Tuesday, February 26, 2008

Slices of Heaven

I am having a hard time with God at the moment, there seems to be a lot of pressure working against me and finding anything to be joyful about is a real pain. I feel very Lenty…

Last night though me and the whanau got invited out to dinner by some friends from Hawaii who own a farm in NZ that they come over to for holidays. They work pretty much 7 days a weeks so when they come over here they like to enjoy themselves and relax with people they enjoy – I guess they enjoy our company. In their family they have a tradition of sharing desert so rather than one person hogging there bowl you have several different deserts flying round the table and you take some as it comes pass it on and so on. After a few hard weeks this meal was also a great opportunity for us to relax and enjoy some people who have offered friendship to us and asked nothing in return. I think desert was a slice of heaven for me it tasted of community and felt very much like a feast on the road side, for a weary traveller.

Thanks Bill and Rebecca for inviting us in

Tuesday, February 19, 2008

We are made for Community

I have been convinced for quite a few years that one of the fundamental gifts of the doctrine of the Trinity is it's assurance that we are made for community and that the image of God is more realised in a community context. But it's always interesting to see how it works itself out practically. Last year I rejoined a football team after several years of not playing, it's been a hard journey back to fitness but the adrenaline that comes from playing a team (community) sport has carried me. Training with others is so much easier…. We are made for community.

Late last year my wife began a weight watchers points counting diet, she struggled along and then 6 weeks ago I started too, we have both found the lifestyle change easier now two of us are doing it – we support encourage and lift each other, we remind each other of the points we are allowed – and we break the diet occasionally together…. We are made for community.

I have just been talking with friends about spiritual disciplines and mission orders, groups of people who combine and work together to fulfil a set of spiritual obligations that by themselves they would not be able to do, but together through supporting, encouraging and reminding each other they achieve things in God's name…. We are made for community.

What of the church? In the church calendar it is currently Lent, when I grew up in a Catholic school lent was a community observance the class and the school gave things up and used the extra income for child sponsorship, we challenged each other, we wanted to win, but we were in this together. Flip forward 30 odd years and Lent is a personal discipline – I give up this, you give up that and like New Year resolutions we all give up after two days…. We are made for Community.

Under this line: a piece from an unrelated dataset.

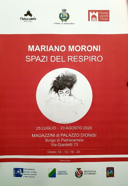 Pur essendo teramano, vive a Nereto, i suoi allestimenti in terra natia sono rari: l’incrocio con Pietracamela, insignita del titolo “Borghi più bella’d’Italia” ha rappresentato, come sottolinea lo stesso Moroni, una folgorazione ed è nata così la mostra “Spazi del respiro” nei magazzini di Palazzo Dionisi: la mostra, visitabile fino al 23 agosto, ospita opere inedite dipinte durante il confinamento da COVID.

Without the community observing these things it all seems pointless, empty and difficult, we need the inspiration of the sport team with a common goal – to win, the standing alongside each other to lose a target weight, the supporting each other as we rigorously try to follow God. The challenge of each other to be obedient…. We are made for community; it is in our DNA, through each other God breathes into life the image he has placed within us.

Monday, February 18, 2008

A full desk means ……

My desk is somewhat full at the moment, I am processing questionnaires and writing a report, I have about 20 books that need to be looked at before I start handing them out to youth leaders – I always find if you give someone a book you think they should read it helps to have read it yourself. My diary is looking increasingly full, and I have lots of scraps of paper with silly notes on, my lunch and a mouse trap (don't ask!). I used to worry about mess not I just tolerate it – if a tidy desk is the sign of tidy mind then a full desk must be either the sign of a full mind or I suspect it's really the sign of an empty mind…. Now where did that mouse go to...?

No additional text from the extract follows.